_To do_. No pictures should appear. The lines from the beginning of the listing through the one holding "Rayaduras o zonas" must be reproduced exactly, and nothing more.
#### Supplied data
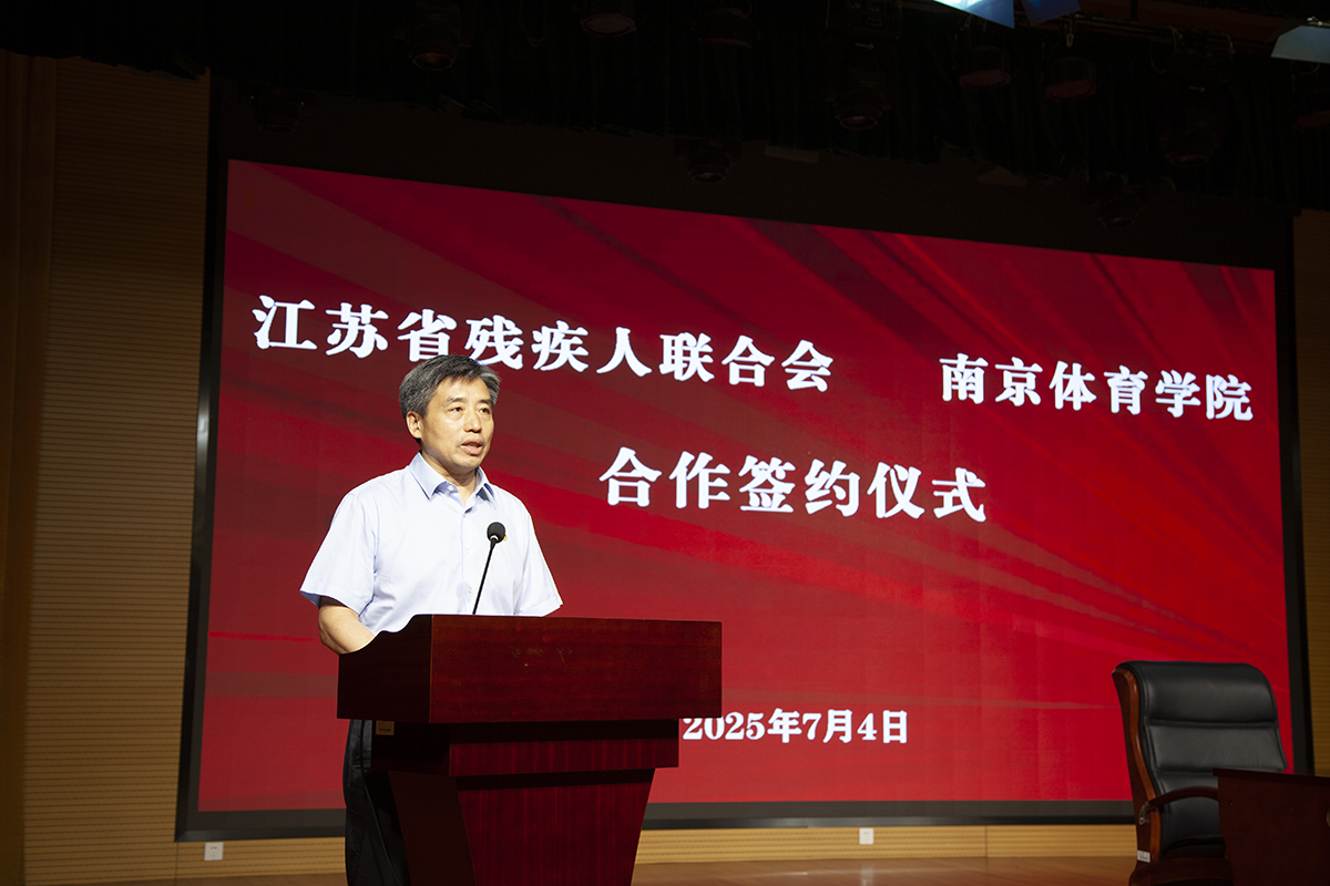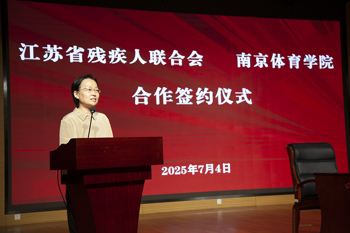 刘红明在致辞中表示,残疾人事业是中国特色社会主义事业的重要组成部分,是致力人类幸福的崇高事业。一直以来,省残联致力于服务江苏残疾人事业发展,长期深耕残疾人民生保障、改善残疾人生活品质、发展和管理残疾人事业等各领域,残疾人群众体育、康复体育广泛开展,竞技体育稳居全国前列,残奥会金牌数和奖牌数连续6届位居全国第一,得到了社会各界的高度认可。PA视讯集团入口作为江苏省唯一一所独立建制的高等体育院校,同时承担着高等教育“为党育人、为国育才”和竞技体育“为国争光、为省添彩”双重使命,先后培养了18位奥运冠军、121位世界冠军和数以万计的高水平体育人才,被誉为“世界冠军的摇篮”“体教融合的典范”。在推动体育强国、体育强省建设的新征程上,双方有共同的使命和任务,希望双方以此次战略合作为契机,持续深化“1+N+1”的合作机制,在竞技体育训练备战、残疾人体育科研与运动康复、教育教学与实习实训等方面开展全面务实的合作,共享资源、共谋发展、共赢未来,为推动江苏省残疾人体育事业高质量发展作出积极贡献。
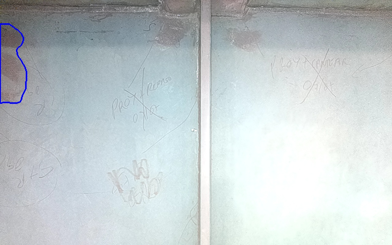 Rayaduras o zonas de metal expuestas con productos de óxido débilmente adherido. |
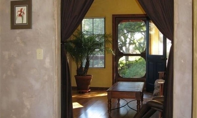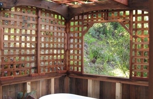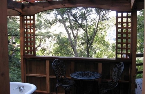 This is a secluded gem of a cabin with craftsman touches in a very lovely setting. It sits in a private corner of the property with magical filtered light through the oak and redwood forest. South facing with a beautiful mountain/canyon view it is very spacious (aprox 600sf) with the tinted plaster walls and arches giving it a very warm, old world feel. The quaint little bedroom is accessed by an outdoor covered staircase and has a spectacular view of the canyon. There is very nice deck space on three sides of the cabin, where one can sit in sun or shade while enjoying the abundant bird life and forest/mountain/canyon views. Or relax in our deep clawfoot tub that sits in our redwood gardenroom. Deer and quail are commonly seen, with the occasional glimpse of a bobcat or fox. And no need to bring your own water, we've plenty of good well water here.
########
_Reply_.
 刘红明在致辞中表示,残疾人事业是中国特色社会主义事业的重要组成部分,是致力人类幸福的崇高事业。一直以来,省残联致力于服务江苏残疾人事业发展,长期深耕残疾人民生保障、改善残疾人生活品质、发展和管理残疾人事业等各领域,残疾人群众体育、康复体育广泛开展,竞技体育稳居全国前列,残奥会金牌数和奖牌数连续6届位居全国第一,得到了社会各界的高度认可。PA视讯集团入口作为江苏省唯一一所独立建制的高等体育院校,同时承担着高等教育“为党育人、为国育才”和竞技体育“为国争光、为省添彩”双重使命,先后培养了18位奥运冠军、121位世界冠军和数以万计的高水平体育人才,被誉为“世界冠军的摇篮”“体教融合的典范”。在推动体育强国、体育强省建设的新征程上,双方有共同的使命和任务,希望双方以此次战略合作为契机,持续深化“1+N+1”的合作机制,在竞技体育训练备战、残疾人体育科研与运动康复、教育教学与实习实训等方面开展全面务实的合作,共享资源、共谋发展、共赢未来,为推动江苏省残疾人体育事业高质量发展作出积极贡献。
 Rayaduras o zonas de metal expuestas con productos de óxido débilmente adherido. |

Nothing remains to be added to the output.